▶ [Data excerpts]
- Opening Delimiter -

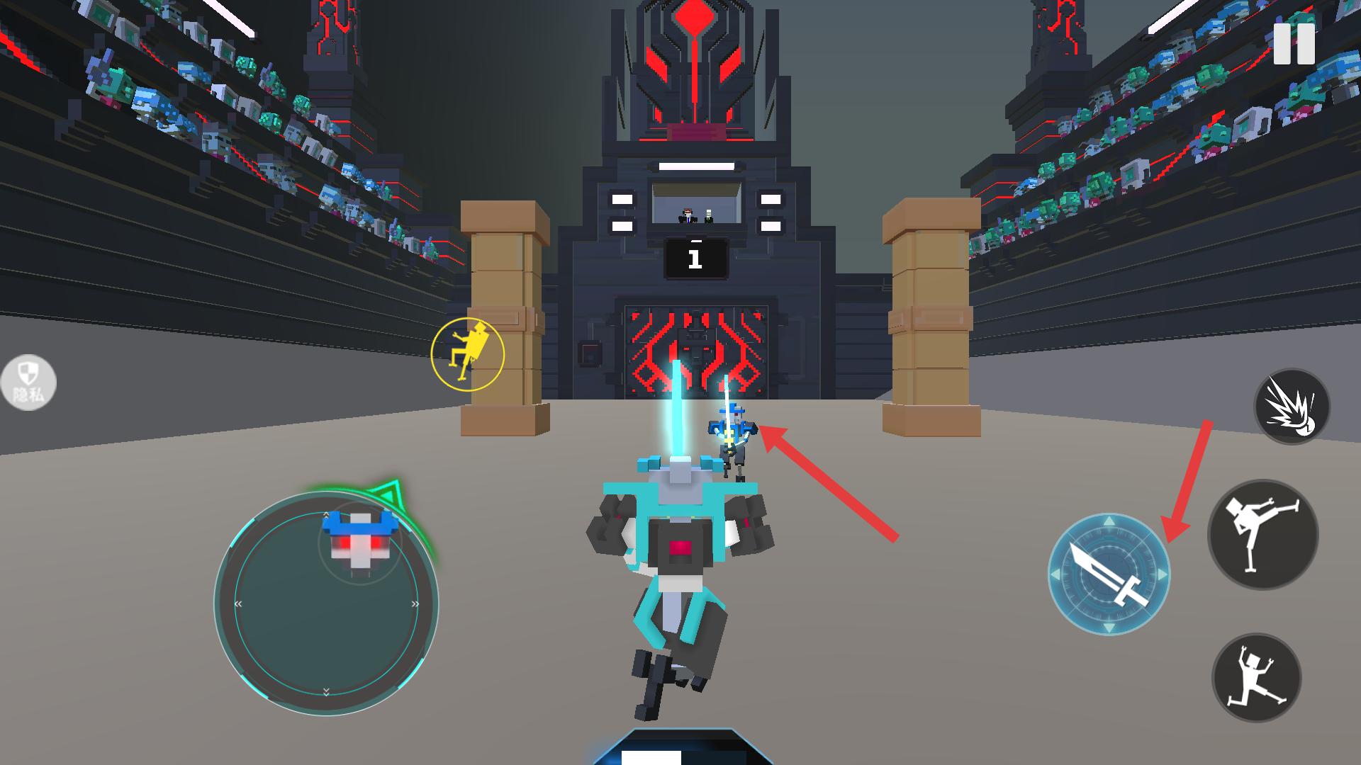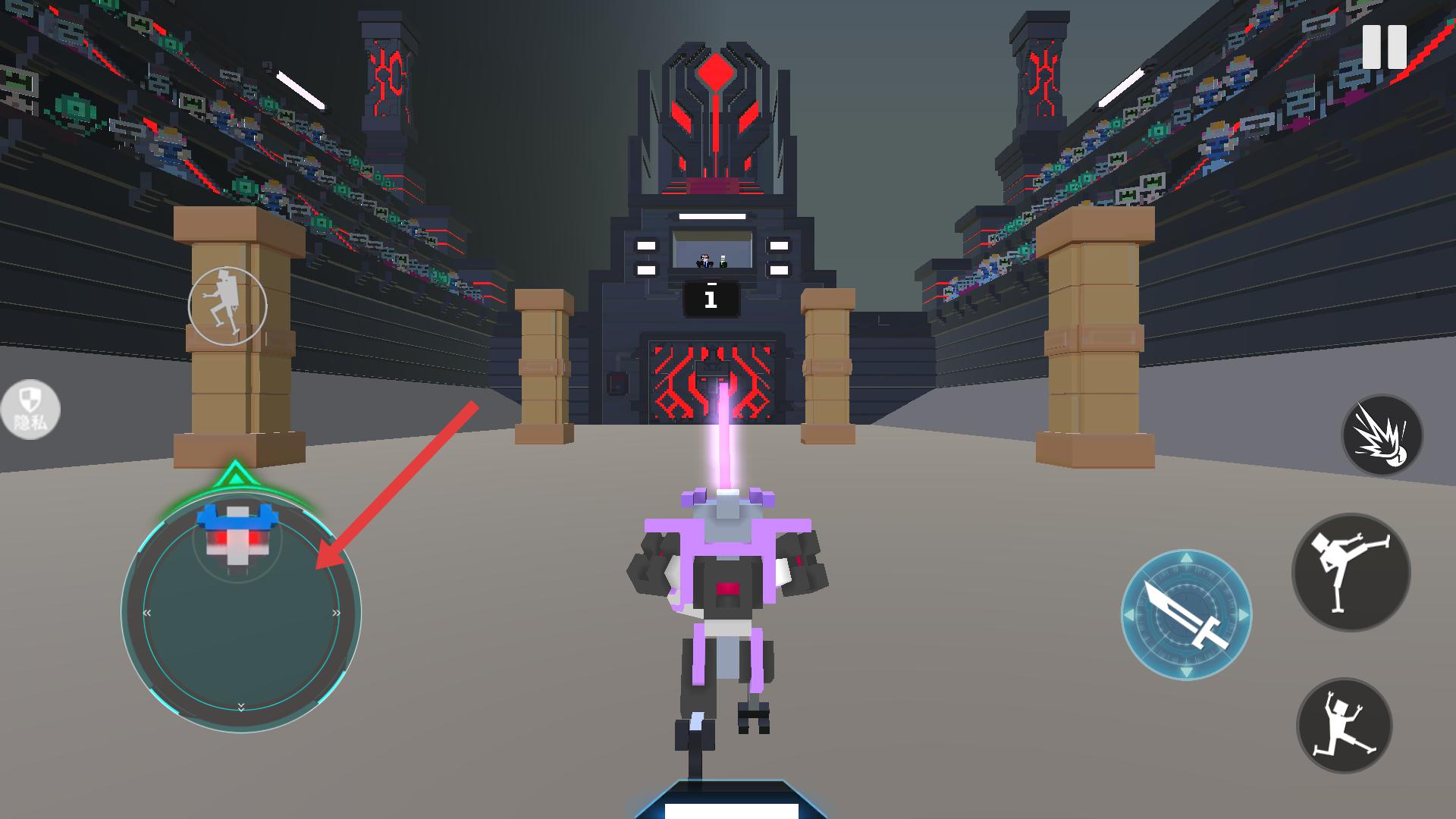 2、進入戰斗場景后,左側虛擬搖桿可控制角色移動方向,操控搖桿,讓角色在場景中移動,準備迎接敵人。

- Closing Delimiter -
- Opening Delimiter -

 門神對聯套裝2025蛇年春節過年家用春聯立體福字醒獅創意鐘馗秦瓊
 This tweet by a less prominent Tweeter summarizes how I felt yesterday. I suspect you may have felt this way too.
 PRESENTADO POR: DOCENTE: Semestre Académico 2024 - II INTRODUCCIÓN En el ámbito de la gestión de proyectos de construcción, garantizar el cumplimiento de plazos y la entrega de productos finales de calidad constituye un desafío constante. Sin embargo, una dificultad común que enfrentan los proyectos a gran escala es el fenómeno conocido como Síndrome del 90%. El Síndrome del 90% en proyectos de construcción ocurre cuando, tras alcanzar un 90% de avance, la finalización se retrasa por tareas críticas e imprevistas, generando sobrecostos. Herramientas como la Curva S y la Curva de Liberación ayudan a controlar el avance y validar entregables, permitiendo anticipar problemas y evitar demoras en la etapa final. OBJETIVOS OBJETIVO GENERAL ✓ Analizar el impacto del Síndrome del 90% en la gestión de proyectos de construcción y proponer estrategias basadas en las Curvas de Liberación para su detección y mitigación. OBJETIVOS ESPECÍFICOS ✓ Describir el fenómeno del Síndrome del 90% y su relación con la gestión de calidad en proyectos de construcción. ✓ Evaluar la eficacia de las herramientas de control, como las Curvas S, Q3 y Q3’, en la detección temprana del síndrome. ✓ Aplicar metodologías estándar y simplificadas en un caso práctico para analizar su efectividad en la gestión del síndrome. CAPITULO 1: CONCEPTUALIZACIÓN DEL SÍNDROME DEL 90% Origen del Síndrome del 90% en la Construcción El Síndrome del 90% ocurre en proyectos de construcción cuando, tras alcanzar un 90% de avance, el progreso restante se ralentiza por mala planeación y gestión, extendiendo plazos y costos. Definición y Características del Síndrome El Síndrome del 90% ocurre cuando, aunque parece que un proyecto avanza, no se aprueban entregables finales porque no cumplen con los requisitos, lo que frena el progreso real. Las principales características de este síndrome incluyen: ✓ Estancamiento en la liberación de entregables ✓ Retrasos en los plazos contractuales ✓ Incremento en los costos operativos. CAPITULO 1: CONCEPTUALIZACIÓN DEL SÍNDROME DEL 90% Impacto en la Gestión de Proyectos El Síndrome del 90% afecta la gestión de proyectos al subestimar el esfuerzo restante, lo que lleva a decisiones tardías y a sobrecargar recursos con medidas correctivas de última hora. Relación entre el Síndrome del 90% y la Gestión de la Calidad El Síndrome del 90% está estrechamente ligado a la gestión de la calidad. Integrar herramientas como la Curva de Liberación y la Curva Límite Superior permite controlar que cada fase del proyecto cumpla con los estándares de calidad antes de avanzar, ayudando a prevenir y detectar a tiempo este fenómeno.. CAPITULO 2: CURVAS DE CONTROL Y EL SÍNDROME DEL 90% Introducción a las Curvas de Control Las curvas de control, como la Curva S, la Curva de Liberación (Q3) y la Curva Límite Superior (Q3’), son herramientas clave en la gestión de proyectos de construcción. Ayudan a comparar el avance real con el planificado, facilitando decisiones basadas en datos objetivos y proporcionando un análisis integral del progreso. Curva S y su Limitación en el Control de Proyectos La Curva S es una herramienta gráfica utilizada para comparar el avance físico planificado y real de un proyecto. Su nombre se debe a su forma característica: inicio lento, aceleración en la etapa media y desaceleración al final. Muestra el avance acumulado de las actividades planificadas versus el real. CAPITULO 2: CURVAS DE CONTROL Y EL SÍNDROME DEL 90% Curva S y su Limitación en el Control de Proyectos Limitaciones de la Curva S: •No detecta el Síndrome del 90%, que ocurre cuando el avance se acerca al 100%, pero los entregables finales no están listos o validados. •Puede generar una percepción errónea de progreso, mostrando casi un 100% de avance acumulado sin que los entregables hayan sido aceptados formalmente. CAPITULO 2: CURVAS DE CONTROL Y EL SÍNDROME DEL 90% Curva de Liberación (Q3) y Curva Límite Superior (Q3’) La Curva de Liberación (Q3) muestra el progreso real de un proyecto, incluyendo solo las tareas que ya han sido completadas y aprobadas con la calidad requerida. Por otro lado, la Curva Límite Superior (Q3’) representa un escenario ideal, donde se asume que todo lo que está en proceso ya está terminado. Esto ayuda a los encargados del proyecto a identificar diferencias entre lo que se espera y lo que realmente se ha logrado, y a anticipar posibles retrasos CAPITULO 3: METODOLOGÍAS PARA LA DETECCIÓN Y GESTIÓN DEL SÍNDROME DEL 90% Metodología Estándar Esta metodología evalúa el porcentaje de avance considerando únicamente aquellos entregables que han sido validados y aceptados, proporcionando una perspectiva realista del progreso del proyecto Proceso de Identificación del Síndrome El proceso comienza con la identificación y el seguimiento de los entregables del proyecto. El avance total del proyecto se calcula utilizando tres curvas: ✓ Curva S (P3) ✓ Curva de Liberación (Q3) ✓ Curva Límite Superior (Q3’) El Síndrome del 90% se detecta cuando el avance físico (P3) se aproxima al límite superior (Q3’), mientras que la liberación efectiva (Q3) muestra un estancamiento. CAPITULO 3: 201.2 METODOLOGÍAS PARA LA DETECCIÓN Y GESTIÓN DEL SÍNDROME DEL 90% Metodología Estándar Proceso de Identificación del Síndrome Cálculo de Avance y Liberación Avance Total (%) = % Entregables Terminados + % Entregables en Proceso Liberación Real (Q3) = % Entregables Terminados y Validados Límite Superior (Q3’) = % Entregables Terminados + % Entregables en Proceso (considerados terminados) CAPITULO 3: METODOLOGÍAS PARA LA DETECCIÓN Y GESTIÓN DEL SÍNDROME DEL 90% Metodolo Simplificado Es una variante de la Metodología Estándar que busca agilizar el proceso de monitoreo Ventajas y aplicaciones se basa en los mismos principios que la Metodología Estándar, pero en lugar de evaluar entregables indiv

- Closing Delimiter -

▶ [Assignment] Give back, word for word, only the lines above from the line holding "門神對聯套裝2025蛇年春節過年家用春聯立體福字醒獅創意鐘馗秦瓊" to the line holding "This tweet by", both included.

▶ [Solution to the exercise]
 門神對聯套裝2025蛇年春節過年家用春聯立體福字醒獅創意鐘馗秦瓊
 This tweet by a less prominent Tweeter summarizes how I felt yesterday. I suspect you may have felt this way too.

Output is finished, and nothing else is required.